DATA EXTRACTS Block Start

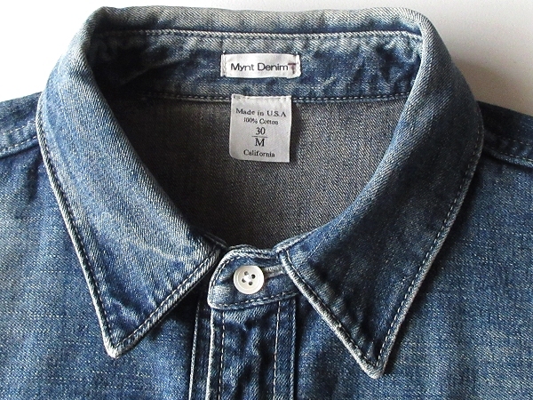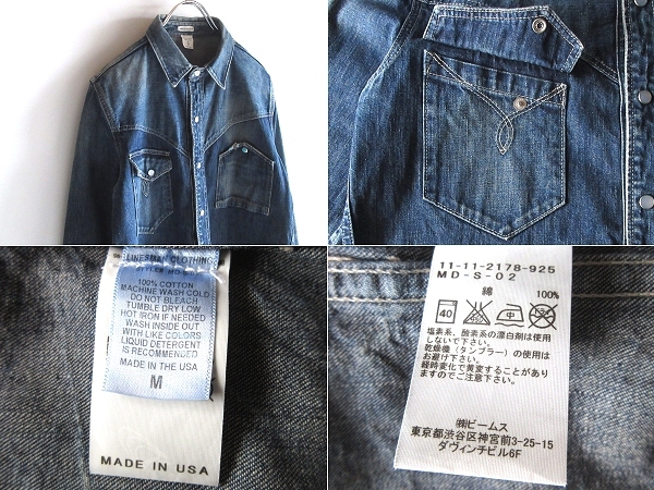 USA製 Mynt Denim ミントデニム CENT コーンミルズ社生地 ビンテージ加工 デニムシャツ ウエスタンシャツ M インディゴ BEAMS/ビームス限定
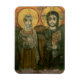 Uma imagem do século 6 ou 7. Trabalho de arte sobre um fundo dourado que representa um Cristo com uma Bíblia grande. O Salvador e o Abbot/Monk têm olhos castanhos grandes.
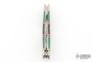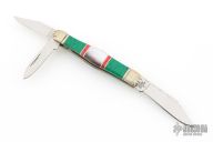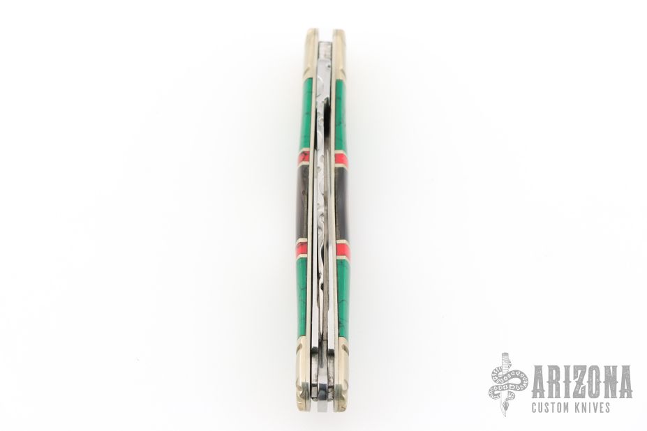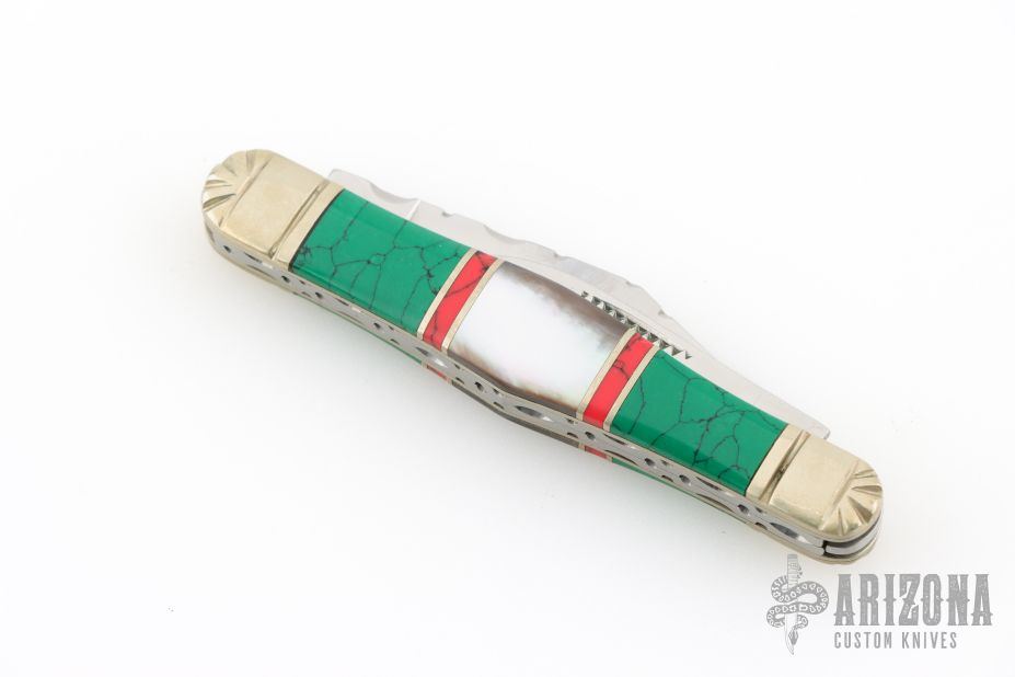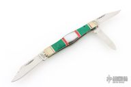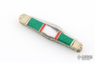 This slipjoint by Scrade Custom Series features mirror polished blades with nail nicks and fileworked spine on the main blade. The handle has fluted and scalloped nickel silver bolters, mosaic green and red stones and black lip pearl covers, nickel silver liners and fileworked stainless springs. Excellent condition. Comes with original box.
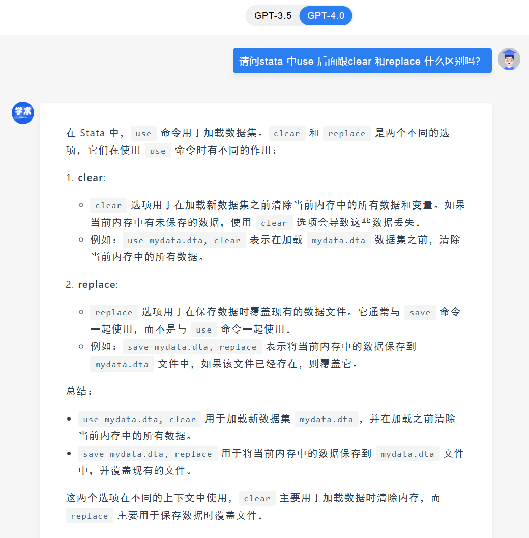 在 Stata 中,use 命令用于加载数据集。当你在 use 命令后面加上 clear 或 replace 选项时,它们分别有不同的作用:
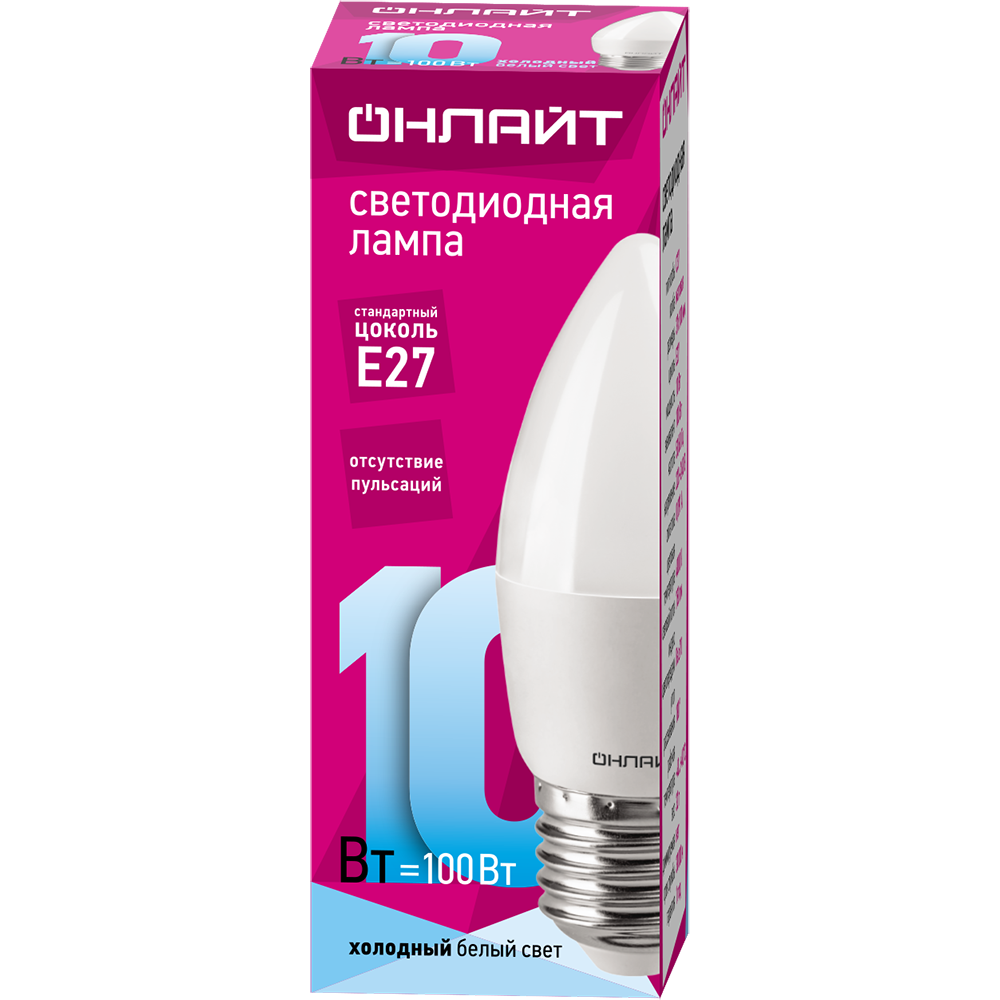 Лампа-LED E27 10W C37 4000К 750Lm 230V свеча мат. ОНЛАЙТ (10/100)
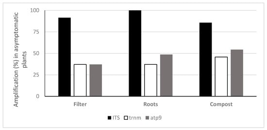 High numbers of oomycete infections were also found in asymptomatic ornamental plants by Migliorini et al. [] using real-time PCR. Approximately 70% of asymptomatic plants were contaminated by one or more species of Phytophthora, Pythium and Phytopythium. In the work described here, however, the ITS probe detected oomycetes in the roots of all asymptomatic plants, along with 91.43% of filters and 85.71% of composts. Asymptomatic plants such as P9 (Hebe x franciscana ‘Variegata’) included large quantities of oomycete DNA in the composts (14.19 ng g−1 of DNA using the general oomycete ITS probe), or P77 (Pinus mugo) compost, containing 3.43 ng g−1 and 5.74 ng g−1 of Phytophthora DNA detected with trnM and atp9 probes, respectively. These results confirmed the high rates of oomycete species present in ornamental plants reported by Migliorini et al. []. Other studies carried out by Prigigallo et al. [,] demonstrated the wide diversity of Phytophthora species present in ornamental plants using molecular methods (semi-nested PCR and metabarcoding), including some putative novel species.
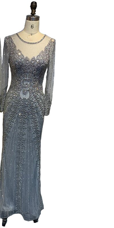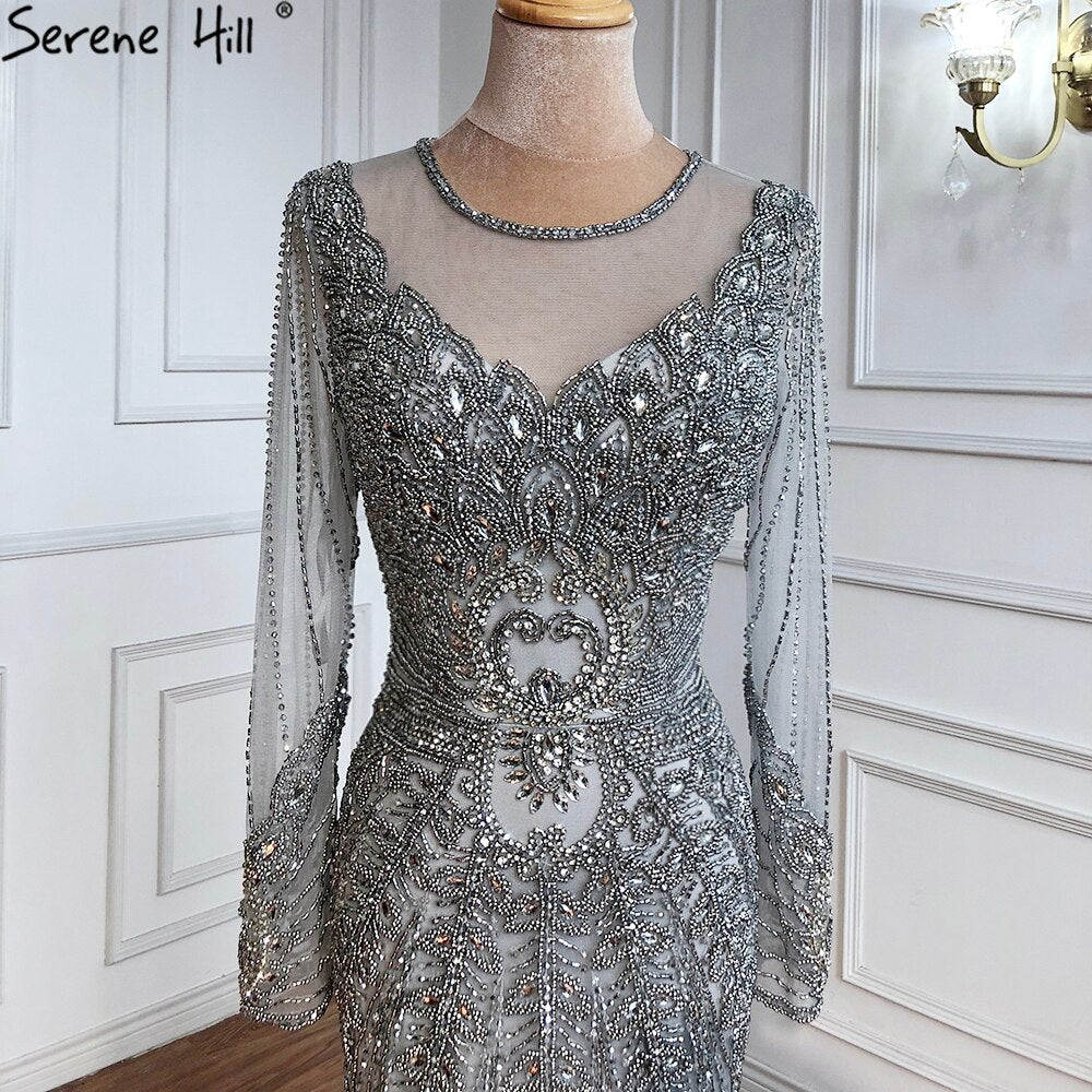 Vestido de noche de sirena de lujo color champán de Dubái, manga larga, con cuentas de diamantes, vestido formal 2025 LA70443
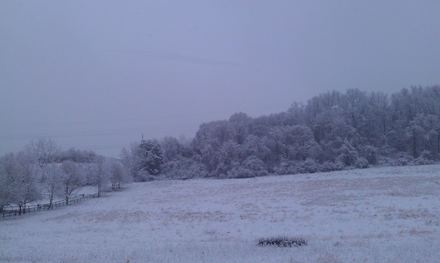 My favorite type of snow, beautifully covers the grass and trees with a light blanket.
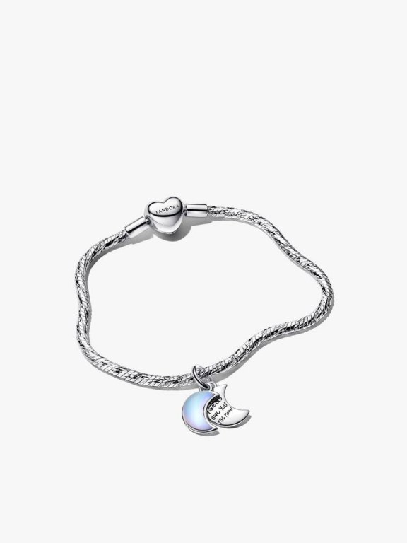 Formule um desejo e alcance a lua. Conjugue a sua pulseira malha snake de prata com uma conta lua crescente. Com a mensagem gravada "I WOULD GIVE YOU THE MOON" e preenchida com vidro iridiscente, é um reflexo do seu brilho e mistério.
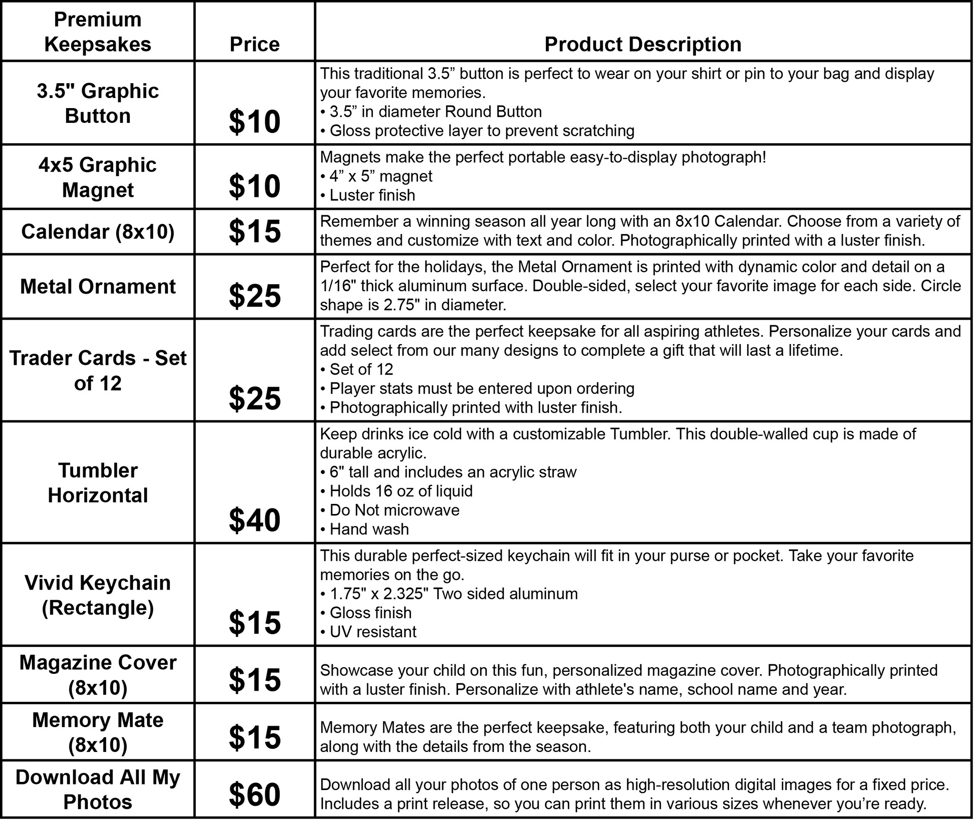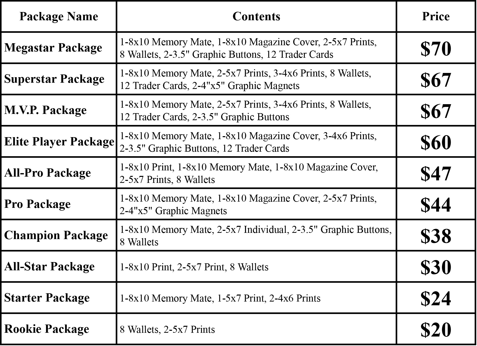 Please note: We don't charge a sitting or session fee. Instead, we have a minimum order of $500 for up to 20 participants (includes a 5×7 team/group picture for every participant & coach). For teams with more than 20 players, we simply add $25 to the minimum order for each additional player.
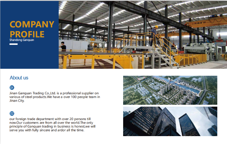 Shandong Ganquan Trading Co., Ltd., located in Jinan, the beautiful capital of Shandong Province, is a company integrating steel export and customized design. The company's main products: H-section steel, I-beam, angle steel, channel steel, flat steel, round steel, galvanized profile, stainless steel and p-section steel. Our precision cold-rolled pipe series has smooth appearance and no oxide layer. It is widely used in automobile manufacturing, petrochemical industry, aerospace, boiler equipment, medical equipment and other industries. Comply with Chinese national standard (GS) and American Standard ASTM.
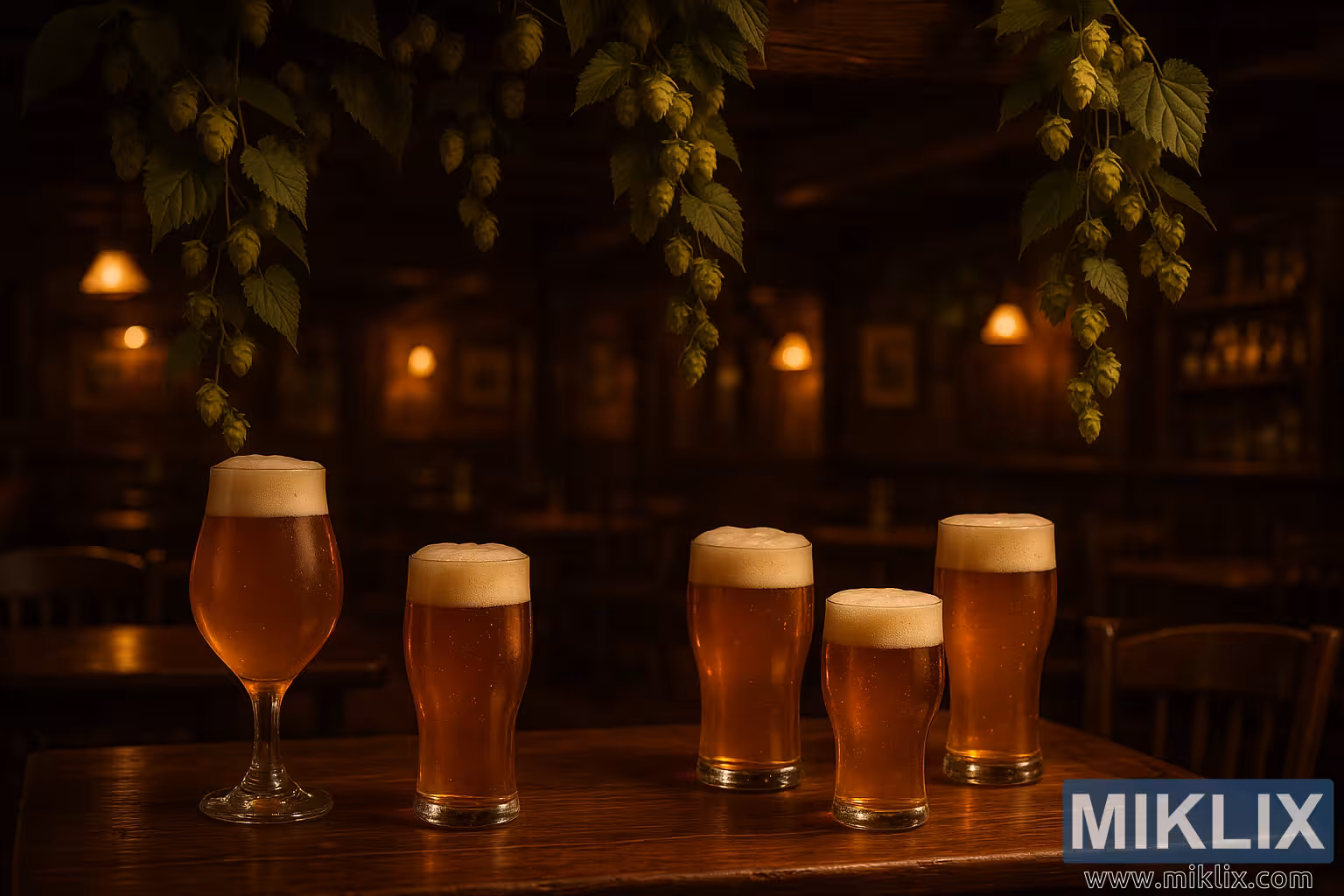 À l’intérieur d’un pub rustique, des bières dorées reposent sur une table en bois sous une lumière ambrée douce, avec des vignes de houblon frais qui s’étendent sur des poutres en bois, évoquant la tradition artisanale et l’hospitalité chaleureuse.

DATA EXTRACTS Block End

> WHAT IS REQUIRED: Would you set down the listing exactly, omitting pictures?

> RESPONSE TO THIS EXERCISE:
 USA製 Mynt Denim ミントデニム CENT コーンミルズ社生地 ビンテージ加工 デニムシャツ ウエスタンシャツ M インディゴ BEAMS/ビームス限定
 Uma imagem do século 6 ou 7. Trabalho de arte sobre um fundo dourado que representa um Cristo com uma Bíblia grande. O Salvador e o Abbot/Monk têm olhos castanhos grandes.
 This slipjoint by Scrade Custom Series features mirror polished blades with nail nicks and fileworked spine on the main blade. The handle has fluted and scalloped nickel silver bolters, mosaic green and red stones and black lip pearl covers, nickel silver liners and fileworked stainless springs. Excellent condition. Comes with original box.
 在 Stata 中,use 命令用于加载数据集。当你在 use 命令后面加上 clear 或 replace 选项时,它们分别有不同的作用:
 Лампа-LED E27 10W C37 4000К 750Lm 230V свеча мат. ОНЛАЙТ (10/100)
 High numbers of oomycete infections were also found in asymptomatic ornamental plants by Migliorini et al. [] using real-time PCR. Approximately 70% of asymptomatic plants were contaminated by one or more species of Phytophthora, Pythium and Phytopythium. In the work described here, however, the ITS probe detected oomycetes in the roots of all asymptomatic plants, along with 91.43% of filters and 85.71% of composts. Asymptomatic plants such as P9 (Hebe x franciscana ‘Variegata’) included large quantities of oomycete DNA in the composts (14.19 ng g−1 of DNA using the general oomycete ITS probe), or P77 (Pinus mugo) compost, containing 3.43 ng g−1 and 5.74 ng g−1 of Phytophthora DNA detected with trnM and atp9 probes, respectively. These results confirmed the high rates of oomycete species present in ornamental plants reported by Migliorini et al. []. Other studies carried out by Prigigallo et al. [,] demonstrated the wide diversity of Phytophthora species present in ornamental plants using molecular methods (semi-nested PCR and metabarcoding), including some putative novel species.
 Vestido de noche de sirena de lujo color champán de Dubái, manga larga, con cuentas de diamantes, vestido formal 2025 LA70443
 My favorite type of snow, beautifully covers the grass and trees with a light blanket.
 Formule um desejo e alcance a lua. Conjugue a sua pulseira malha snake de prata com uma conta lua crescente. Com a mensagem gravada "I WOULD GIVE YOU THE MOON" e preenchida com vidro iridiscente, é um reflexo do seu brilho e mistério.
 Please note: We don't charge a sitting or session fee. Instead, we have a minimum order of $500 for up to 20 participants (includes a 5×7 team/group picture for every participant & coach). For teams with more than 20 players, we simply add $25 to the minimum order for each additional player.
 Shandong Ganquan Trading Co., Ltd., located in Jinan, the beautiful capital of Shandong Province, is a company integrating steel export and customized design. The company's main products: H-section steel, I-beam, angle steel, channel steel, flat steel, round steel, galvanized profile, stainless steel and p-section steel. Our precision cold-rolled pipe series has smooth appearance and no oxide layer. It is widely used in automobile manufacturing, petrochemical industry, aerospace, boiler equipment, medical equipment and other industries. Comply with Chinese national standard (GS) and American Standard ASTM.
 À l’intérieur d’un pub rustique, des bières dorées reposent sur une table en bois sous une lumière ambrée douce, avec des vignes de houblon frais qui s’étendent sur des poutres en bois, évoquant la tradition artisanale et l’hospitalité chaleureuse.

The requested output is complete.